(Directions for this task) Start the copy at the line holding "3月18日下午,宿管邱华顶在" and continue it exactly through the last line of the entries, leaving out pictures and anything else.

Stored records:
§ §

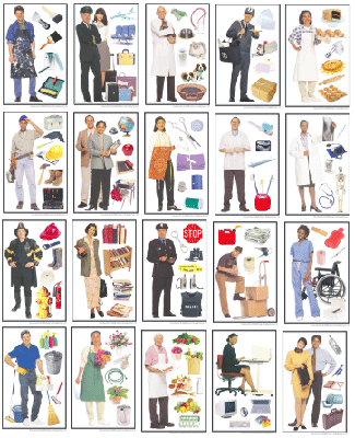 Set of 24 cards, highlighting community helpers that children commonly see working in their neighbourhoods, and a large variety of "Tools-of-the-Trade" photographs for each person. Includes word lists and activity ideas. Cards measure 8 1/2" x 5 1/2".
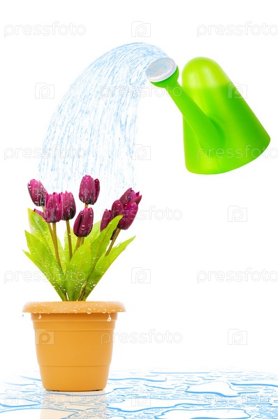Вода из лейки льется на букет тюльпанов на белом фоне
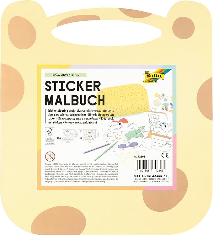 El libro para colorear de pegatinas "Aventuras Épicas" de folia contiene adorables motivos para dar rienda suelta a la imaginación. Sus 15 páginas preimpresas se pueden pintar y bordar a tu gusto. Además, el libro incluye una hoja con 36 pegatinas laminadas para decorar las ilustraciones. El libro, con diseño de animales, mide aprox. 21 x 16,8 cm y cuenta con una práctica asa para llevarlo contigo.
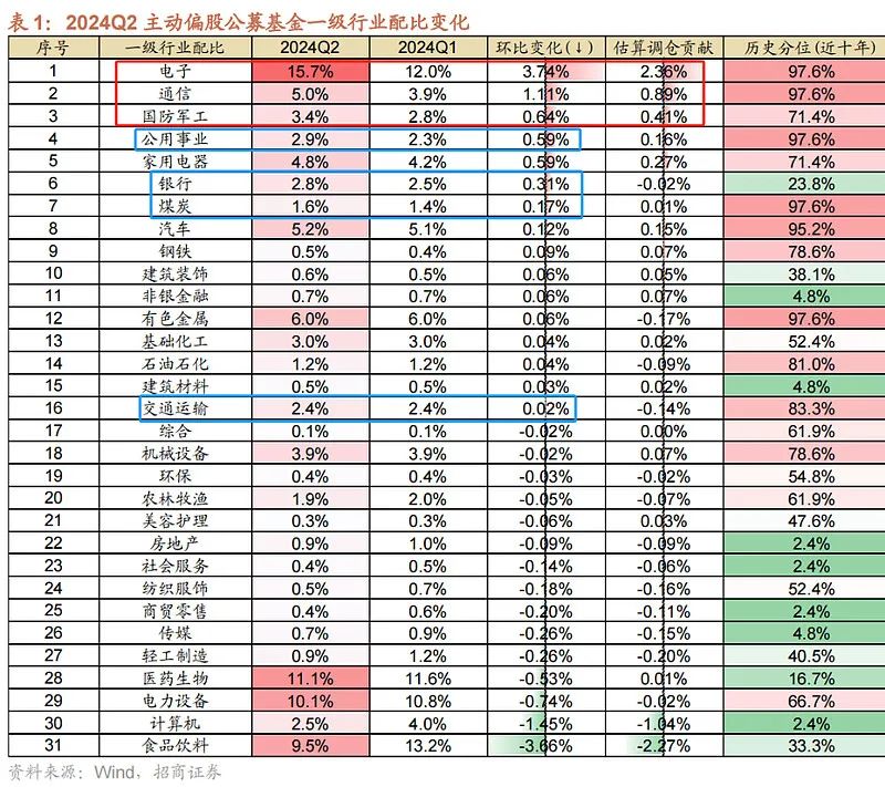 二季度,公募基金虽然增持红利、价值,但增持更多的还是电子、通信、军工,对医药、新能源、食品饮料的绝对持仓也很高。
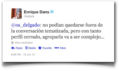 Ayer respondí en un rato perdido y desde el móvil a una pregunta a través de Twitter de Óscar Delgado, y hoy me encuentro con que ese tweet mío aparece citado en un artículo en 360 grados titulado «El hashtag ha llegado a Facebook, ¿y ahora qué?«. La verdad es que es interesante este formato de la «twitt-entrevista», creo que es la primera vez que me pasa :-)
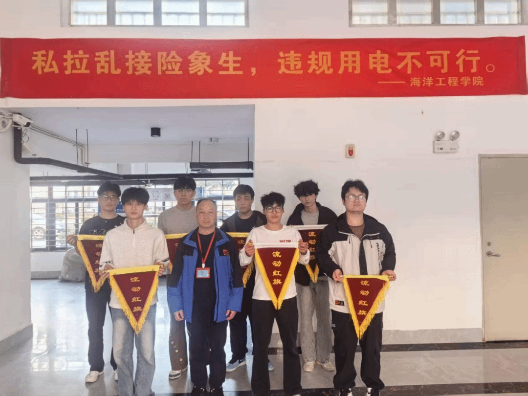 3月18日下午,宿管邱华顶在九号学生宿舍楼一楼大厅为获评满分宿舍的学生代表颁发流动红旗。
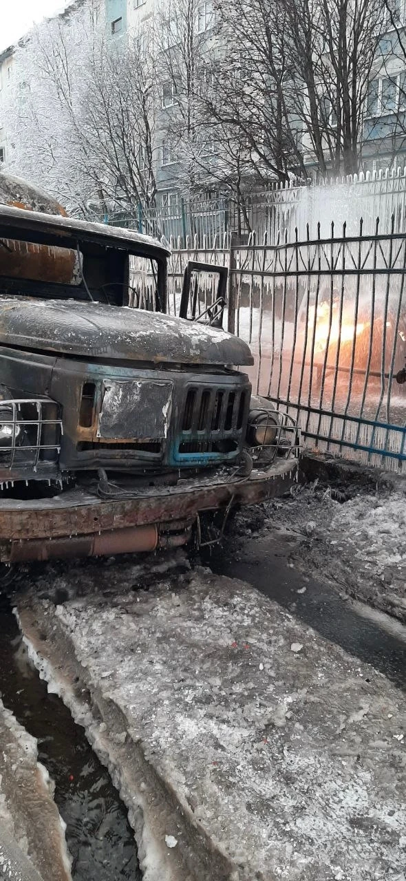 В результате пожара автомобиль газовой службы сгорел полностью, газгольдер поврежден огнём на площади 4 кв.м., газопровод на площади 8 погонных метров.
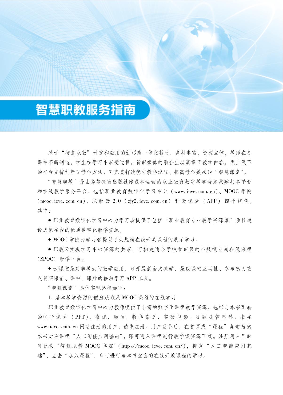TensorFlow是一个流行且非常灵活的深度学习框架,它的出现降低了人工智能时代的入门门槛,提高了开发效率。本书针对TensorFlow 2x版本编写,基于工作过程进行系统化的体例设计,采用理论知识结合项目实例的形式,由浅入深地介绍TensorFlow深度学习框架的原理、特性、编程技巧和应用方法。本书包含深度学习的入门知识和大量实践经验,内容通俗易懂,书中省略了烦琐的数学模型推导,从实际应用问题出发,案例丰富,实用性强。 本书配套的数字课程在“智慧职教”(www.icve.com.cn)平台上线,读者可登录平台学习,授课教师可以调用本课程构建符合自身教学特色的SPOC课程,详见“智慧职教服务指南”。此外,本书还提供了其他丰富的数字化课程教学资源,包括微课视频、电子课件(PPT)、实训案例、资源文件及源代码等,教师可发邮件至编辑邮箱1548103297@qq.com获取。 本书既可作为高等职业院校人工智能课程的教材,也可供想快速上手TensorFlow、了解深度学习技术及应用的人员参考。 |

§ §

(Result)
 3月18日下午,宿管邱华顶在九号学生宿舍楼一楼大厅为获评满分宿舍的学生代表颁发流动红旗。
 В результате пожара автомобиль газовой службы сгорел полностью, газгольдер поврежден огнём на площади 4 кв.м., газопровод на площади 8 погонных метров.
TensorFlow是一个流行且非常灵活的深度学习框架,它的出现降低了人工智能时代的入门门槛,提高了开发效率。本书针对TensorFlow 2x版本编写,基于工作过程进行系统化的体例设计,采用理论知识结合项目实例的形式,由浅入深地介绍TensorFlow深度学习框架的原理、特性、编程技巧和应用方法。本书包含深度学习的入门知识和大量实践经验,内容通俗易懂,书中省略了烦琐的数学模型推导,从实际应用问题出发,案例丰富,实用性强。 本书配套的数字课程在“智慧职教”(www.icve.com.cn)平台上线,读者可登录平台学习,授课教师可以调用本课程构建符合自身教学特色的SPOC课程,详见“智慧职教服务指南”。此外,本书还提供了其他丰富的数字化课程教学资源,包括微课视频、电子课件(PPT)、实训案例、资源文件及源代码等,教师可发邮件至编辑邮箱1548103297@qq.com获取。 本书既可作为高等职业院校人工智能课程的教材,也可供想快速上手TensorFlow、了解深度学习技术及应用的人员参考。 |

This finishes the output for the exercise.